Blogs & Comment

Banks, image problems, and the ethics of lobbying

There's nothing wrong with lobbying in pursuit of your own interests, and no reason not to be honest about that.

(Adrian Wyld/CP)

(Adrian Wyld/CP)

Ethics in public relations can mean two different things. It can mean managing your firm’s reputation, since a reputation for ethical behaviour is of course a central part of the reputation that any company wants for itself. It can also mean ethics in the way you go about managing that reputation, since there are good and bad ways to do that. Sometimes the two go hand-in-hand.

Bloomberg Businessweek recently reported that Brian T. Moynihan, CEO of Bank of America, has said he is “incensed” at public criticism of his bank, and has called upon 135 ‘market presidents’ (presidents of local business units) to lobby local officials and remind them of how much good the bank does for local communities. Call it reputation management, call it lobbying. Either way, it’s not at all clear that it is a good substitute for changing the practices that have been angering critics in the first place. It’s also not clear that a focus on ‘all the good we do’ is the right approach. Why not tackle the issues head-on?

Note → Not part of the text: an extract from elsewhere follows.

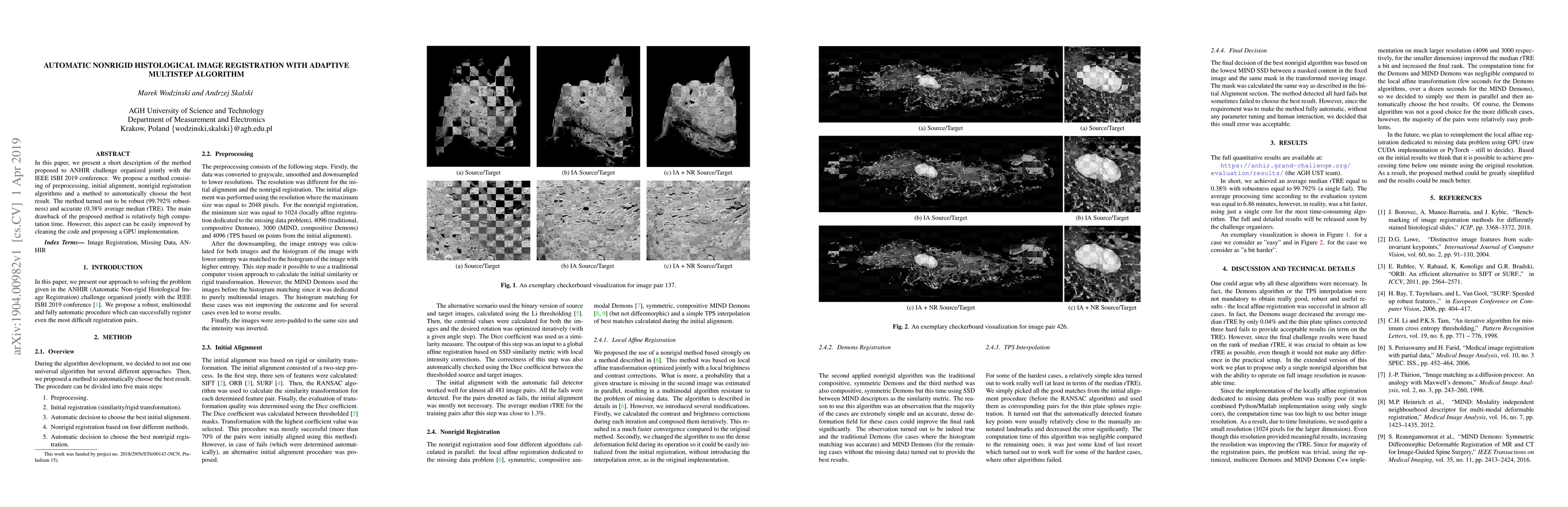 This paper introduces an adaptive multistep algorithm for automatic nonrigid histological image registration, achieving 99.792% robustness and 0.38% average median rTRE accuracy. The main limitation is high computation time, which could be mitigated through code optimization and GPU implementation.

Yesterday, at Canadian Business for Social Responsibility’s annual Forum, I got the chance to ask keynote speaker Stephen Lewis about the ethics of lobbying. (Lewis, in addition to being a former diplomat and a UN special envoy, is also a former parliamentarian, so he seemed a good person to ask.) He said that, in his experience—both as a parliamentarian and as someone who has lobbied hard on behalf of many causes—the best approach to lobbying is honesty. Put your agenda on the table, he said, and you’re likely to get a fair hearing.

That rings true, especially in an era in which just about everyone is cynical about corporate motives. Even people who believe fully in the crucial role that business plays in making the world a better place—and yes, that includes banks—are likely to respect you more if you admit that you’ve got an agenda, and that that agenda is not, and properly is not, direct pursuit of the public good.